Kramer explained that Alteryx Designer workflows can also retrain models, incorporating the latest data, then re-deploy them to Promote, adding that "Promote does a 'hot switch' [between model versions] so there is no downtime during the deployment."

Deja vu?
Other vendors have tried various approaches to address the data science operationalization issue.

Microsoft's Azure Machine Learning generates a REST-based Web service for models developed with with the cloud offering -- it even generates sample code in multiple languages that calls those APIs to run predictive queries.

Microsoft's SQL Server 2016 allows for R-based machine learning models to be stored in its databases and R code that uses the models to be hosted in its stored procedures and SQL scripts. SQL Server 2017 will add similar capabilities for Python-based models and code

My colleague Tony Baer covered recently-introduced functionality in Datameer for deploying and scoring trained models, based on Google's open source TensorFlow deep learning platform, directly from Datameer's spreadsheet big data analytics environment. (Disclosure: Datameer is my former employer and current client.)

Also read: Datameer makes deep learning more accessible

And as I reported about two weeks ago, Anaconda, which brings to market what is arguably the leading Python distribution, recently announced model operationalization capabilities of its own.

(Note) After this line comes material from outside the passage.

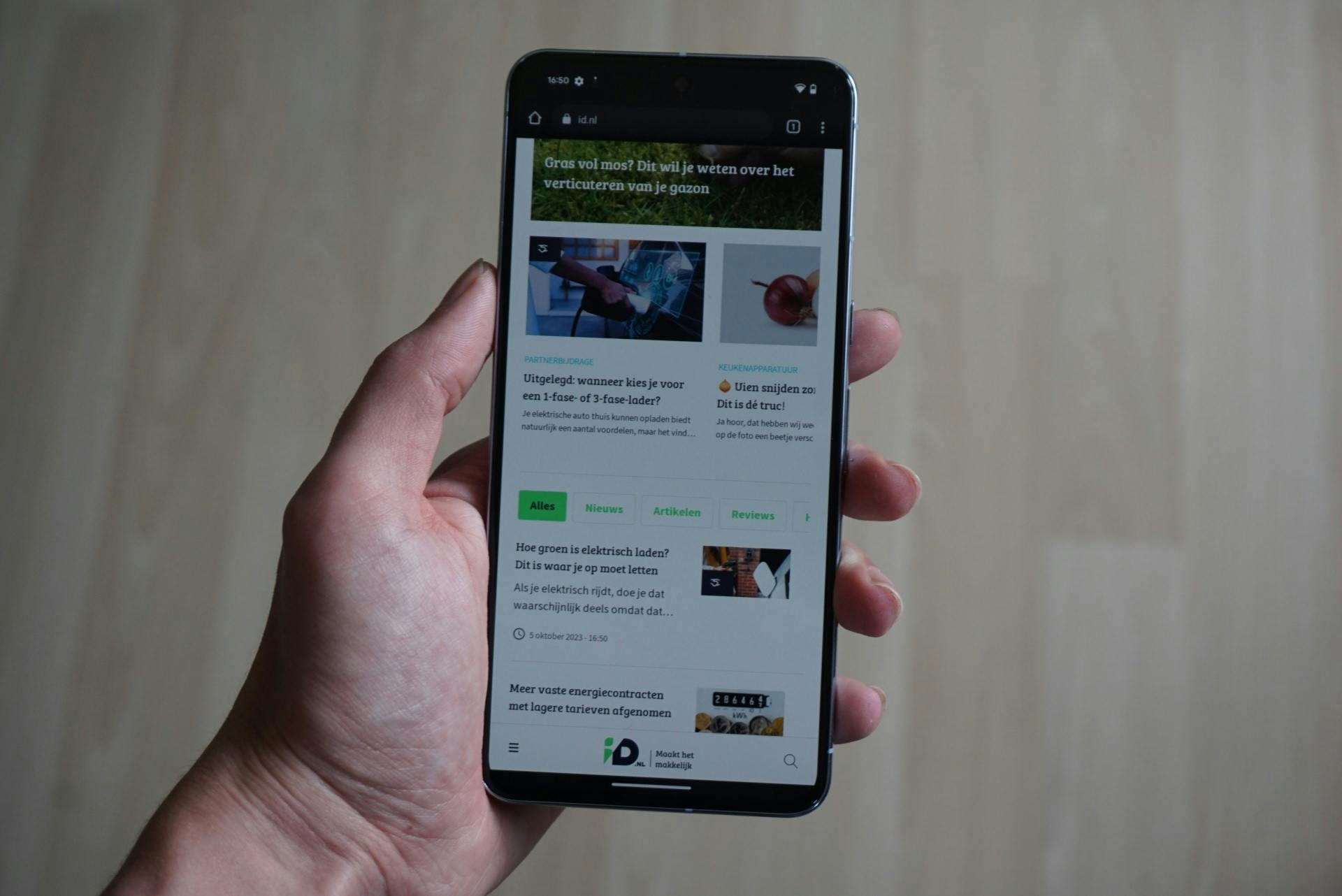 Het beeldscherm van de Pixel 8 Pro is 6,7 inch groot en daarom lastig met één hand te bedienen. We zijn desondanks erg tevreden over het scherm, dat dankzij zijn oleddisplay heel kleurrijk oogt en een scherpe resolutie toont. De verversingssnelheid van maximaal 120 Hz betekent dat bewegend beeld soepel oogt en dankzij de minimale verversingssnelheid van 1 Hz kan het scherm in een altijd-aan-modus de tijd en meldingen tonen zonder veel stroom te verbruiken.

Also read: AI to the people: Anaconda readies its Enterprise 5 Python distribution

Let's all get along
In each case, the goal is the same: take machine learning models developed using otherwise esoteric languages, libraries and tools and deploy them so they're usable by mainstream developers and business users who lack data science skill sets. Each product has done this by making machine learning models work within the context of its own functionality.

Alteryx's approach, aided by its Yhat acquisition, conforms to the others, and it further validates them. With them, it is helping move AI, data science and machine learning out of the laboratory and into the realm of DevOps and self-service analytics. And there's nothing but upside to that prospect.